Neurodevelopmental outcomes following necrotizing enterocolitis

Semin Fetal Neonatal Med. 2018 Dec;23(6):426-432. doi: 10.1016/j.siny.2018.08.005. Epub 2018 Aug 17.

Abstract

Necrotizing enterocolitis (NEC), a gastrointestinal emergency predominantly affecting premature infants, is associated with increased risk for poor neurodevelopmental outcomes. NEC often strikes during a period of rapid and dynamic neurologic development when the brain is particularly vulnerable to insults and nutrient deficits. The pathogenesis of neurodevelopmental impairment following NEC is likely multifactorial, with both nutritional and non-nutritional factors at play.
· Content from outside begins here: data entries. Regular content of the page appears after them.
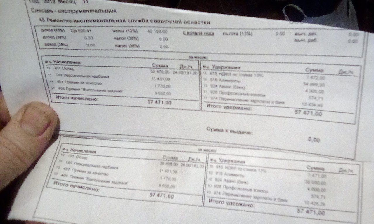 У меня около 58000 в месяц. Чистыми 50000, алименты плачу 17000, была задержка по выплате, так снимали по 35000 в месяц!
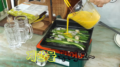 라이스 페이퍼 - 쪽파 - 해산물- 계란물 순으로 넣고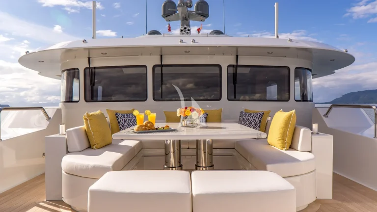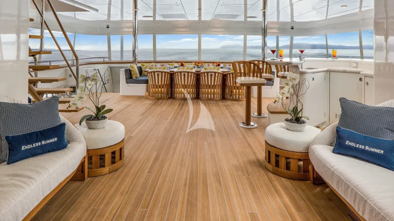 What truly sets ENDLESS SUMMER apart is her expansive exterior deck space, thoughtfully designed for alfresco dining, sun-drenched lounging, and unforgettable gatherings. Her exceptional sundeck features a Jacuzzi, full-service bar, and an outdoor cinema—perfect for starlit evenings at sea.

Follow-up testing that ensures early detection and intervention for impairments is crucial to optimize neurodevelopmental outcomes following NEC. A multifaceted approach to follow-up after NEC is necessary, with close monitoring of growth, serial developmental assessments, neurologic examinations, hearing and vision testing and neuroimaging. Further research is needed to understand the pathogenesis of neurodevelopmental impairment following NEC, to identify more targeted follow-up tests, and to discover interventions aimed at optimizing neurodevelopmental outcomes following NEC.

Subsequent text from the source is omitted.